The study was based on an examination of transcripts from Jan. 1 to May 31, 2015 of Morning Edition, All Things Considered, Weekend Edition Saturday and Weekend Addition Sunday. It focused on the balance of regular contributors — people who had presented their perspectives in monologue form twice or more on the shows during that time period.
The study found that of these 14 voices, only two were women and only two were people of color. Of the 106 segments that were examined, only 4 percent included female commentators, while 20 percent featured people of color (but no women of color). The two regular female correspondents, Bonny Wolf and Tess Taylor focus on cooking and poetry, respectively. The two minority commentators are Eric Deggans, an African American writer and TV critic, and Betto Arcos, a Mexican-American who covers music culture.

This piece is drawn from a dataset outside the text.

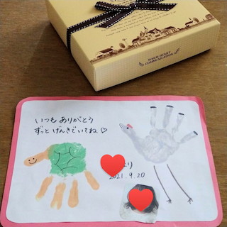 | 明日の「敬老の日」に先立ち、長女一家がプレゼントとお昼ごはんのピザを持ってきてくれました。 プレゼントは、孫の手型を使った鶴と亀。 SNSにこのような手型アートが紹介されているのを長女が見つけて、それを参考に作ってくれたようです。ありがとう。嬉しいです。 鶴は千年、亀は萬年。 こんなおめでたいカードをもらったら、がんばって元気でいないといけませんね! 自分が敬老の日に祝ってもらう年齢になったんだぁとしみじみ思います。 体の変化、心の変化、考え方や食べ物の好みの変化など、若いころには考えもしなかったことが起こって、人間の不思議を身をもって感じています。 人生の先輩方も、おそらく同じような経験をされて、不安に思ったりしながらも、その時々で自分にできること、楽しめることを見つけて過ごしておられるのだろうなと想像します。 そう思うと、「敬老の日」の「敬」の字のとおり、まさに敬いたいという気持ちになります。 私もシニアの1人として、それに習って生きていきたいです。 決して「毎日が絶好調」とは言えないけれど、どんなときも自分で自分のご機嫌を上手に取って、日々を楽しめたらいいなと思います。 一番身近な、お手本になっている人生の先輩はやはり両親です。 「あちこちガタが来てる」と嘆きながらも、体に気をつけながら、野菜を育てるなど楽しみを見つけてなんとか元気でいてくれています。 そんな姿がありがたく、励みになります。 「これからも元気でいてね」・・・そんな気持ちを込めて、ふたりの好物のひとつ、コーヒー豆を贈りました。おいしいコーヒーを淹れて、味わってくれたら嬉しいなと思います。 ![]() (2021.09.19miyu) |

FAIR conducted a similar study of the programs’ in 2003, and the new study reveals that women and people of color have actually lost ground at NPR, making up a smaller share of its regular commentators than 12 years ago. In 2003, women comprised 24 percent of commentators; in 2015, they comprise 14 percent. People of color constituted 20 percent of regular contributors in 2003, while in 2015 they are at 14 percent.
In 2014, NPR put forth a strategic plan for the next three to five years that included the goal of offering a wider range of voices that “better reflect the fabric of America."